這些,臺下參賽隊員看得一清二楚。
第二道門同樣不能等閑視之。有的撞擊60余下都打不開。沉悶的“咣咣”聲不絕于耳,真可謂“振聾發(fā)聵”。
這時,輪到中國隊員上場。大家心里都在打鼓。沒想到,看別人操作時心驚肉跳,自己上場一切順利。不足10秒鐘,官兵們就將第一道門撬開。
隊員們沖上二樓。沖在最前面的王超手持撞門器,順著樓梯向上沖,接近門時,略一滑步,沉重的撞門器加速向前悠動,連人帶撞門器,重重地砸向鐵門。在雪豹突擊隊,王超每天都要重復練習這個動作成百上千次。大隊800公斤重、3厘米厚的鋼門已經(jīng)被他撞得變了形。然而,以他的千鈞之力,竟然沒有把眼前這道門撞開。他清楚,從樓梯沖上來,慣性要比平地小得多。
就在大家不安時,只見王超略向后滑步,撞門器借助反彈力,再次悠起。“砰”的一聲,鐵門被撞開。
“這道門如果撞不開,隊友們都上不去,團隊士氣會迅速下降。”對于這個千錘百煉的課目,王超有自己獨到的心得。他覺得單靠臂力和撞門器是行不通的,要用上全身的慣性,如果肩部用力太猛,會造成脫臼。此外,滑步、悠起撞門器都要有恰到好處的巧勁,甚至連撞擊點也有講究。
隨后,隊員勢如破竹,直上四樓,用步槍對100米遠的20個目標快速射擊。隊員范興斌連射4槍,幾乎是一氣呵成,當他卸下彈匣時,赫然發(fā)現(xiàn)第4個靶牌仍然好端端地立在原地。心想:“糟了,第4槍脫靶了!”正在他擔心之際,“當”的一聲,靶牌倒地。
同樣精彩的還有第四個課目——100米快速射擊。現(xiàn)場,25米、50米、75米和100米4個距離上共排列著50個靶牌,最多的一排13個靶位,最少的9個靶位。大家在前期設定方案的基礎上,決定采取“T”形分割法。5名隊員并排站立,按照射擊區(qū)域求整、射擊位置求正的原則,第一名和第三名負責最遠的兩排靶。第二名、第四名隊員分別負責第一排和第二排的左半部分和右半部分。剩余部分由劉洋收尾。“嘟……”隨著裁判哨響,隊員們抬手舉槍,槍槍命中,不足10秒,目標全部倒地。第一天,雪豹官兵打了個滿堂彩,五個課目全部第一。
競賽無終點
第二天夜間有一個反恐作戰(zhàn)課目,隊員們要攀上高2米、寬15厘米的圍墻。圍墻的前方是一個90度拐角,隊員經(jīng)過時都會謹慎地跨過拐角。藝高膽大的譚鶴為了節(jié)省時間,跳出2米遠,直接越過拐角。由于慣性太大,來不及控制身體的他,連人帶槍直直地墜向地面。

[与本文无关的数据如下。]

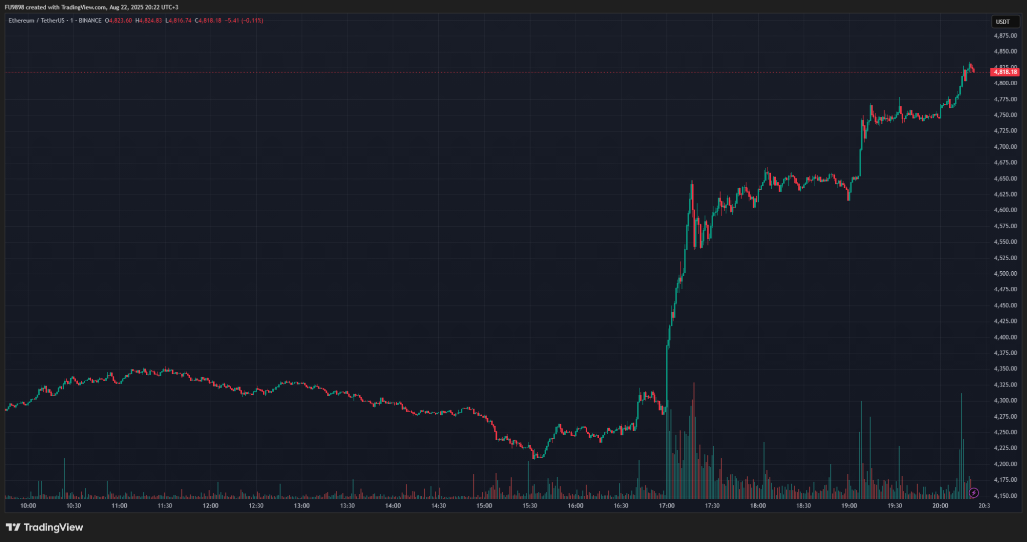 A chart with fine candles showing recent rise in ETH prices.

就在大家驚魂未定時,只見譚鶴在半空中一個擰身,左臂、右肘迅速掛上墻頂,“蹭”的一下翻身上墻。站到墻頂時,他的右手還結結實實地握著步槍。
在“門到門”課目競賽中,副隊長屈身跳下第一道墻時,腳后跟被巨大的沖擊力震傷,鉆心地疼。但他仍然堅持翻越后兩道墻,一跛一拐地沖到射擊位置完成速射。回到宿舍,發(fā)現(xiàn)腳后跟腫得像饅頭一樣,他就把腳后跟打上繃帶,在鞋跟處墊上兩塊海綿,繼續(xù)參加第二天的比武。比賽前,他還特地在腳上噴上止痛酊,直到整個腳掌全部麻痹。
對于隊員劉軍來說,第三天的比賽令他終生難忘。32支參賽隊伍都在山坡下集結,劉軍排第19號。在他等候時,有完成比賽的隊員從山坡上下來,神情沮喪地搖頭擺手。半個小時的時間里,一連五組隊員都是同樣的失落表情。
“他們的裝備那么好都打不上,這個狙擊課目到底有多難,距離有多遠?山風是怎么吹的?”劉軍心懷忐忑,一連串的問號讓他倍感壓抑。提上步槍,拿起沙袋,爬上山坡,劉軍站到自己的射擊位置。這是一塊膠合板搭建的2米見方的射擊平臺,站在上面還微微發(fā)顫。劉軍的左側,有一張桌子,裁判員、記分員和發(fā)彈員依次排列。在他的右后方,劉洋手持望遠鏡幫他觀察目標。劉軍調整好姿勢,屏住呼吸,輕摳扳機。只聽“砰”的一聲,山坡上騰起一陣清煙。